This is a similar service, but I didn't find a python package for it. Thankfully, it's pretty easy too. The following code is for python2, but you can find the python3 code on the website. The vaule that gets returned comes in the form of a dictionary as well:

{u'accuracy': 99,
 u'duration': u'26ms',
 u'gender': u'male',
 u'name': u'markus',
 u'samples': 26354}

Which I'll convert to the same keys and value types used from genderize above (eg. "probability" instead of "accuracy", "count" instead of "samples", and 0.99 instead of 99),


In [ ]:
from api_keys import genderAPI_key
import urllib2


genderAPI_dict = {}
counter = 0

for i in range(counter, len(all_names), 20):
    counter += 20 
    if counter %1000 == 0:
        print counter
    
    names = all_names[i:i+20]
    query = ";".join(names)
    
    data = json.load(urllib2.urlopen("https://gender-api.com/get?key={}&name={}".format(genderAPI_key, query)))
    for r in data['result']:
        n = r["name"]
        g = r["gender"]

        if g != u"unknown":
            p = float(r["accuracy"]) / 100
            c = r["samples"]
        else:
            p = None
            c = 0

        genderAPI_dict[n] = {"gender":g, "probability":p, "count": c}
    
    
with open("../data/pubs/genderAPI_genders.json", "w+") as outfile:
    outfile.write(json.dumps(genderAPI_dict, indent=4))

If you want to do this without going through this notebook and you have a python2 installation, you can use the included gender_detection.py.

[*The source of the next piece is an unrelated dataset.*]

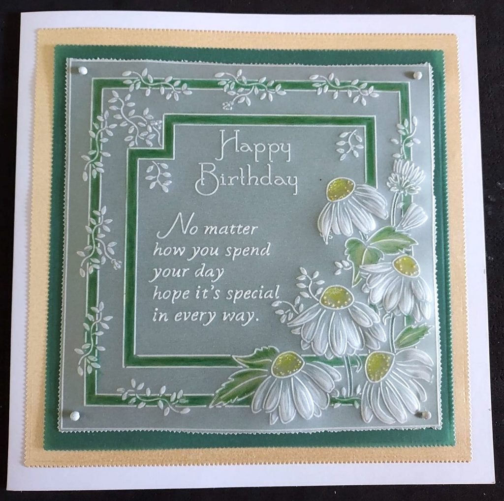 Good morning Grace, another great selection of cards, love all the different ways that the stamps & plates are used. Have a lovely weekend catching up with family & I will check in tomorrow to see what the DT have lined up for us this week xx

The first argument should be genderize or genderapi depending on which method you want to use, (or if nothing, it will try to use GenderDetector). The second argument should be a path to an output file (like genders.json), and then the rest of the arguments should be the csv files output from the previous notebook. The script will pull all the names together into a set, and then use the relevant API or GenderDetector.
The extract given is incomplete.